UNI hosts environmental forum for students


About 1,000 local high school students were on the University of Northern Iowa campus on Tuesday to attend “Green: What Does it Mean? Exploring Our Sustainable Community.”

There were 40 speakers at the 5-hour event that covered a wide range of environmental topics.

The WCF Courier reports:

More than 1,000 area high school students got a hands-on look at what it means to be green Tuesday.

About 40 presenters, educators and community members from across the state participated in “Green: What Does it Mean? Exploring Our Sustainable Community” Tuesday at the University of Northern Iowa campus.

Students arrived by bus from Peet and Holmes junior highs, and Waverly-Shell Rock Community Schools for the five-hour event, presented by Cedar Valley Sustainability and Environmental Educators.

“It’s important to talk to young ones because they’re going to be responsible for what happens in the future,” said Leon Lindley with the Black Hawk County Conservation Board.

Diverse topics were covered in a learning environment meant to be radically different from traditional classrooms. Students participated in outdoor activities and lectures designed to create a better understanding of their global impact and sustainabilty.

The kids enjoyed the outdoor opportunities from collecting insects to climbing the rock wall to learning about wind energy.

“It was a great experience. And we get to be outside all day,” said ninth-grader Kanessa Pollard of Waverly-Shell Rock.

Abbi Roeding and Erika Ross said canoeing the wetlands at UNI was their favorite activity.

Another W-SR student, Ben Weidman, learned economical and green ways of farming.

“It was interesting, yet it was kind of funny because he put stories in it too,” he said.

Keynote speaker for the event was Chad Pregracke of Living Lands and Waters, who founded the organization based in East Moline, Ill. Dedicated to cleaning up and preserving the nation’s rivers, Pregracke, his crew, and more than 60,000 volunteers have collected more than 6 million pounds of debris.

“I was very pleased to hear so many good comments from presenters about students’ level of knowledge,” said Jenny Bruss, community and program outreach coordinator with Recycling and Reuse Technology Transfer Center. “There was some great interaction with students.”

Lindley presented “Snakes, Turtles and Change,” illustrated with a live snapping turtle and Fox snake.
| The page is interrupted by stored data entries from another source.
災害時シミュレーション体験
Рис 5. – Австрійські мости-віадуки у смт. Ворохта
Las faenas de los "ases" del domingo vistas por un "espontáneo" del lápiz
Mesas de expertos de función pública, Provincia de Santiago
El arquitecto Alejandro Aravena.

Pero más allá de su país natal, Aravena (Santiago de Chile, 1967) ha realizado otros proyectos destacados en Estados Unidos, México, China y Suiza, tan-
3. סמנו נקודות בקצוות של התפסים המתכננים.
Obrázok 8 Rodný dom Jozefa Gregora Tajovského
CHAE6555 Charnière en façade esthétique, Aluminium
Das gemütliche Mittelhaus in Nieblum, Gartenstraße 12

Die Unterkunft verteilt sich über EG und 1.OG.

“All snakes in Iowa are in a little bit of trouble because we’ve altered the habitat tremendously,” he said.

In the state of Iowa there are only one-tenth of 1 percent of prairies left, 5 percent of wetlands and 27 percent of forests.
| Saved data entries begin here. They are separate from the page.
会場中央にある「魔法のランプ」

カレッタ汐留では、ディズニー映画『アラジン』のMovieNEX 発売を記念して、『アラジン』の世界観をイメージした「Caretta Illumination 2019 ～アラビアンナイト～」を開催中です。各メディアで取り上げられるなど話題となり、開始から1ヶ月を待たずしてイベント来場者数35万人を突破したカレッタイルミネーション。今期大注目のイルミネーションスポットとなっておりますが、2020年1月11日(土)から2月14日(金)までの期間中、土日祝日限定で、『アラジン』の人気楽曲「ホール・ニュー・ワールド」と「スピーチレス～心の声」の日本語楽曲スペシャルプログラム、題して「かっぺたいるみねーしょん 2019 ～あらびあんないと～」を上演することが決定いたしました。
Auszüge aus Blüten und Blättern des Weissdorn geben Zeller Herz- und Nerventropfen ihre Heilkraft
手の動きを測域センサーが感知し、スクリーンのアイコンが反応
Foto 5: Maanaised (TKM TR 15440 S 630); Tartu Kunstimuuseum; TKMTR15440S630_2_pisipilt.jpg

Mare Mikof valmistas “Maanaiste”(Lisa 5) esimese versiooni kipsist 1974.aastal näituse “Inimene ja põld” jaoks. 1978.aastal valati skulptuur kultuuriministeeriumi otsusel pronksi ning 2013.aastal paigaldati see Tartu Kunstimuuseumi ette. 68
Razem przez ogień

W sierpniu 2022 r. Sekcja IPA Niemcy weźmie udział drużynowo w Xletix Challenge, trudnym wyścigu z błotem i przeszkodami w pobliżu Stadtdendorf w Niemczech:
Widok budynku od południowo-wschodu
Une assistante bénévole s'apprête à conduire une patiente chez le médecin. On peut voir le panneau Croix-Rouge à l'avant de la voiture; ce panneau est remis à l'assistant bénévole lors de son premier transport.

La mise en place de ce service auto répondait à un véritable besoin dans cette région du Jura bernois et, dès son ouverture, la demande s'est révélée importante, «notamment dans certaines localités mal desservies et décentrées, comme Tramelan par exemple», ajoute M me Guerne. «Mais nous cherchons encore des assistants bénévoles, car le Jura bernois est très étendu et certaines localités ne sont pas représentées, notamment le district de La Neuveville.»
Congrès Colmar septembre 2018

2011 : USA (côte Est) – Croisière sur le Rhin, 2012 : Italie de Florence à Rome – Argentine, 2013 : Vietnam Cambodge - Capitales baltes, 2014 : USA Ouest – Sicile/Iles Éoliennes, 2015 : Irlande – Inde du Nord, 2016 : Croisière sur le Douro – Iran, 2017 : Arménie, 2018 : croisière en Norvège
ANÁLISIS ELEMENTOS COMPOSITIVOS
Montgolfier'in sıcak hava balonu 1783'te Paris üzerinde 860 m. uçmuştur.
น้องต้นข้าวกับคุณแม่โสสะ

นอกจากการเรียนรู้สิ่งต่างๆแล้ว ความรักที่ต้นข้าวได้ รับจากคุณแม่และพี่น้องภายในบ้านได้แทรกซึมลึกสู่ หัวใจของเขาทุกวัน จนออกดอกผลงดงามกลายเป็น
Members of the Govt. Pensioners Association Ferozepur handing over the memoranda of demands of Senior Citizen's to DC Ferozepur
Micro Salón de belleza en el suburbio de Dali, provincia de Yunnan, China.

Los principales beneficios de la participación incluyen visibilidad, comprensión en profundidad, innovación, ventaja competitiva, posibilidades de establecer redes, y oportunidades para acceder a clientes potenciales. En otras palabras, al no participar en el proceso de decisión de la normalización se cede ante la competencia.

“This affects all the wildlife,” Lindley said. “Everything we make and throw away means we’re destroying habitat somewhere.”

Katelyn Pedersen, UNI senior, and Stacy Fitzpatrick, Iowa State sophomore, represented Hansen’s Dairy.
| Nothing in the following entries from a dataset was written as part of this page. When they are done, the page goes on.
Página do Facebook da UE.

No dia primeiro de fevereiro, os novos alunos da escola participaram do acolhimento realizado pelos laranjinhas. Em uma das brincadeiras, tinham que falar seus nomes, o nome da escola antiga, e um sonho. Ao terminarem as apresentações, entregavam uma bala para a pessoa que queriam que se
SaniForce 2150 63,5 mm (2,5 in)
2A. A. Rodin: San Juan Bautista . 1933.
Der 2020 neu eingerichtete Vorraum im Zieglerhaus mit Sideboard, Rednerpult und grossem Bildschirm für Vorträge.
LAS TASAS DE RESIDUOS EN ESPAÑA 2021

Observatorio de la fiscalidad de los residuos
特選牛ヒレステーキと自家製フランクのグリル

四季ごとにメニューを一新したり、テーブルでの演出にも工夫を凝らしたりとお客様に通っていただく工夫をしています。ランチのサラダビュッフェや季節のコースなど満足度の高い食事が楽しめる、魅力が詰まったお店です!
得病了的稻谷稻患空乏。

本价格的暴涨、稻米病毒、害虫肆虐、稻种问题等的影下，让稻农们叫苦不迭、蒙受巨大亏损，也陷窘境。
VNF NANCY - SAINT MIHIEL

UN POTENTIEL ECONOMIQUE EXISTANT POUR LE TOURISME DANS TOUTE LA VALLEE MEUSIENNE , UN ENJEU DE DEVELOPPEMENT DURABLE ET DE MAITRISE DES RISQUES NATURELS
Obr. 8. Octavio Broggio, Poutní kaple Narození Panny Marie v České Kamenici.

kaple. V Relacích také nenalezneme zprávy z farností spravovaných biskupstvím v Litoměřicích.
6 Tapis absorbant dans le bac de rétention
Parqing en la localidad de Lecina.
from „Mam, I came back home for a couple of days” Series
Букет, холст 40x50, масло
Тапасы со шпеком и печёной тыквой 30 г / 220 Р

“We explained how we cut out the middle man … goes straight from the farm in Hudson to our source,” said Pedersen. “Milk could only be a few hours old before it comes to your table.”

While the project took nearly a year to prepare, Bruss noted that it was a good starting run and hopes to expand to more area schools next year.

Close to 100 volunteers aided in the event.

“We are just overwhelmed at how wonderful the help was,” Bruss said. “There was a huge community effort to reach out to these kids.”